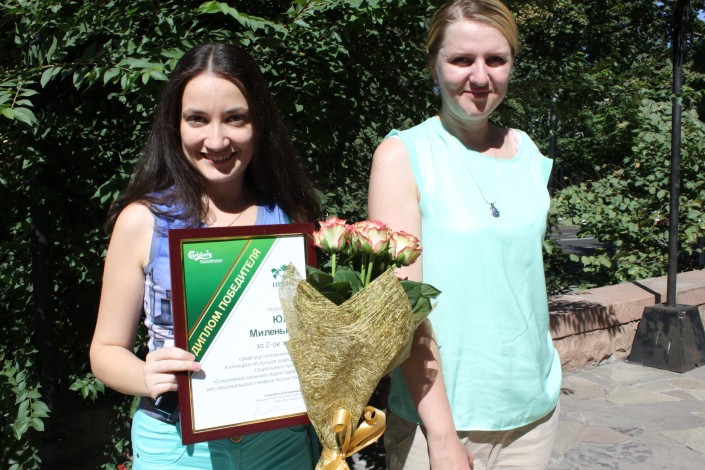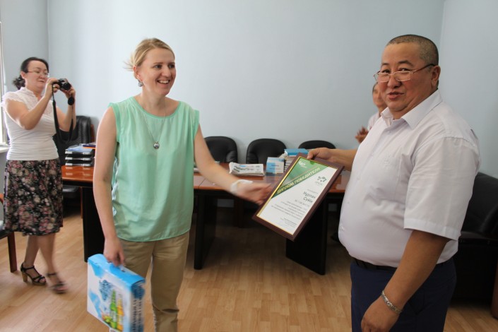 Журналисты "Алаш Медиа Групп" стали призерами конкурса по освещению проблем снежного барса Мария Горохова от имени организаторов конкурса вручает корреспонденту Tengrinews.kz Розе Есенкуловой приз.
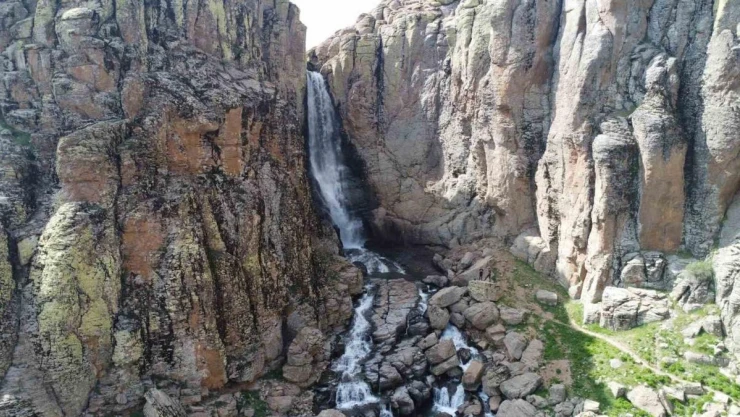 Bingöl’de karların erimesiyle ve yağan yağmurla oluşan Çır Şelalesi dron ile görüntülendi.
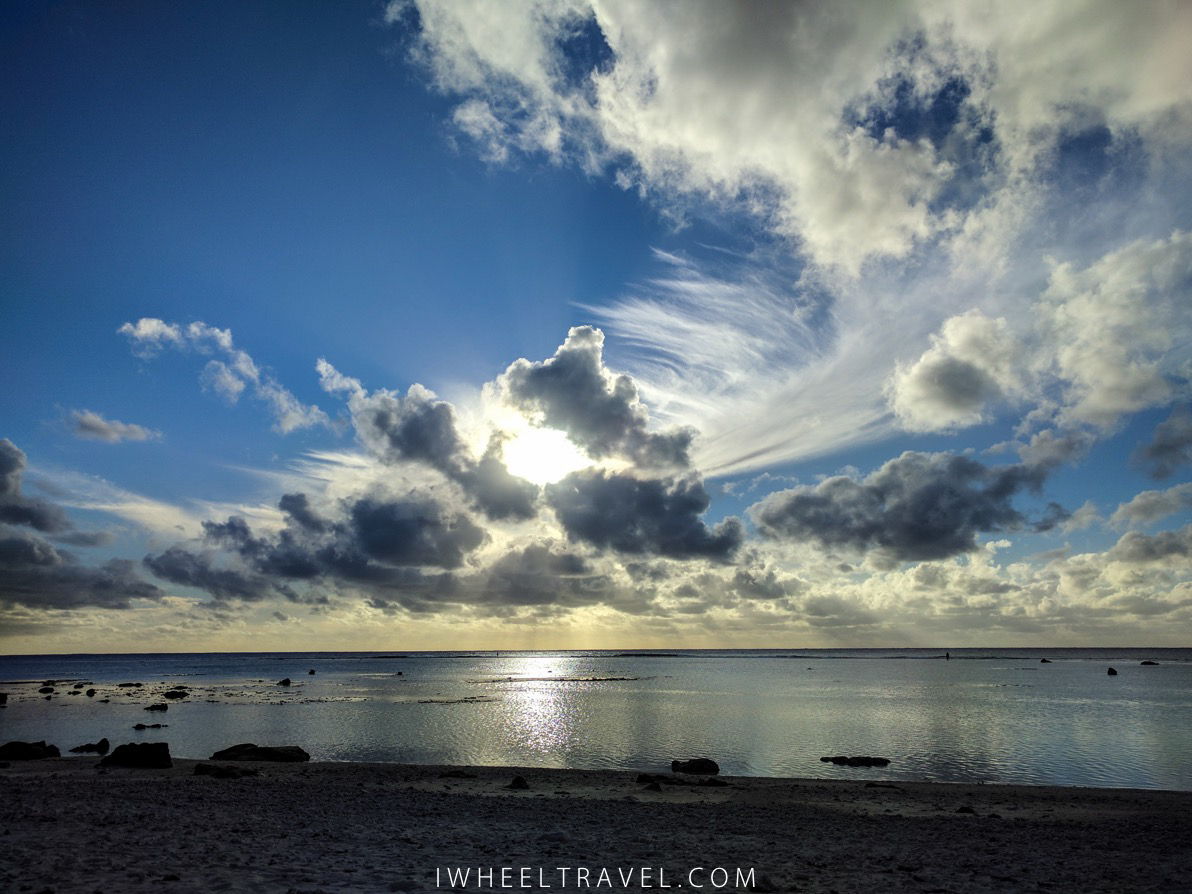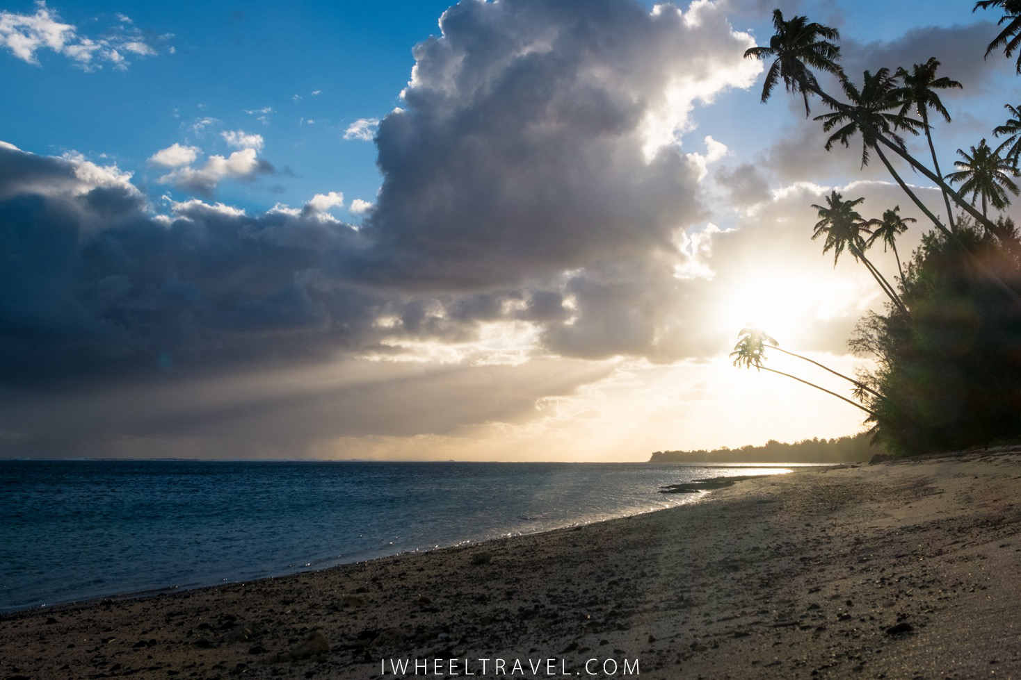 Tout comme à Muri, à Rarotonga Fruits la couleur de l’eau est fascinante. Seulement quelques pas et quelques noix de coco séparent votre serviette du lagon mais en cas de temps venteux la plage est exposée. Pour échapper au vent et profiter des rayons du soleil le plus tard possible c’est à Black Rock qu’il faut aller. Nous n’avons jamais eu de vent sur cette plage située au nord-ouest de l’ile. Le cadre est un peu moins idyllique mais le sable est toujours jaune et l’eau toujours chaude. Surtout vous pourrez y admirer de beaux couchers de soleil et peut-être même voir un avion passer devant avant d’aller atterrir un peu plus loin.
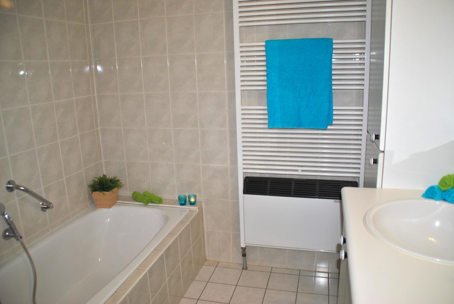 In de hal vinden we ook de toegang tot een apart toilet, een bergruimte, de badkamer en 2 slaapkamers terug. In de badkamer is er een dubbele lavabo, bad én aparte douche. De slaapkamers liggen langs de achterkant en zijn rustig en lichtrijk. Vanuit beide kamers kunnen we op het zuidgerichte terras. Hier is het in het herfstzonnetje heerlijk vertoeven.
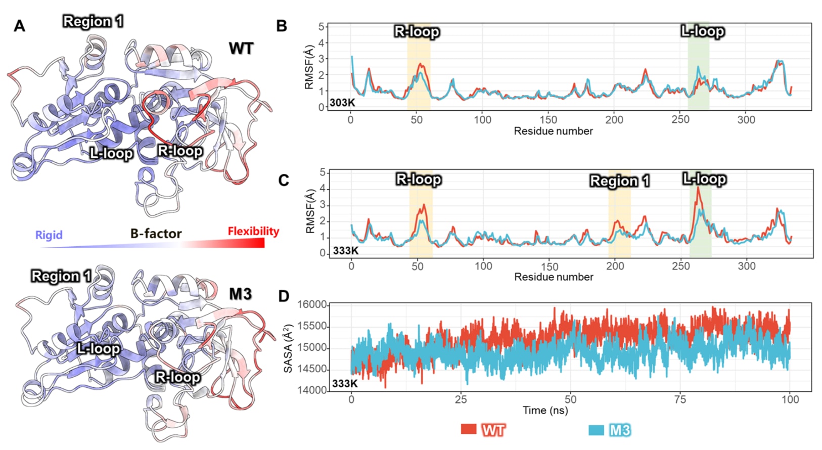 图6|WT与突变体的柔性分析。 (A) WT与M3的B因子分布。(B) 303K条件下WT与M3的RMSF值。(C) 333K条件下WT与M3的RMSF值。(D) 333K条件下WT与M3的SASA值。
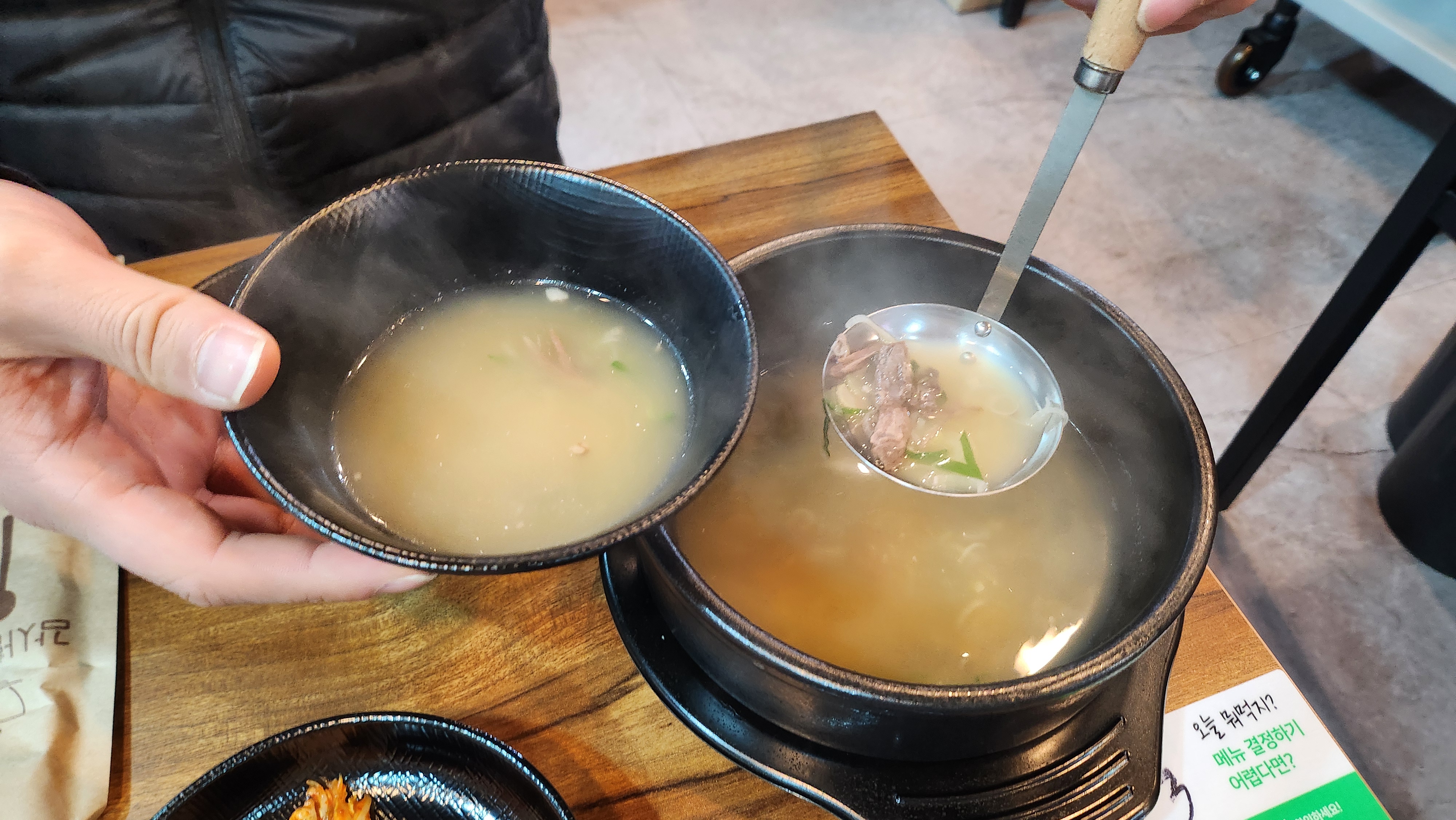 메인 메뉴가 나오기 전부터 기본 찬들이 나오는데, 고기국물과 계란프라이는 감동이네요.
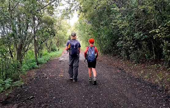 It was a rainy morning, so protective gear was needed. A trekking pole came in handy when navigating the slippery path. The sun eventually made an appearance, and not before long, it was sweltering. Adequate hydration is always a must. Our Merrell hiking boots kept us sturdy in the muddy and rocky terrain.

What is being asked ::
Pictures stay out. Repeat only the lines from the beginning of the data through the line that has "Bingöl’de karların erimesiyle".

Answer for this exercise ::
 Журналисты "Алаш Медиа Групп" стали призерами конкурса по освещению проблем снежного барса Мария Горохова от имени организаторов конкурса вручает корреспонденту Tengrinews.kz Розе Есенкуловой приз.
 Bingöl’de karların erimesiyle ve yağan yağmurla oluşan Çır Şelalesi dron ile görüntülendi.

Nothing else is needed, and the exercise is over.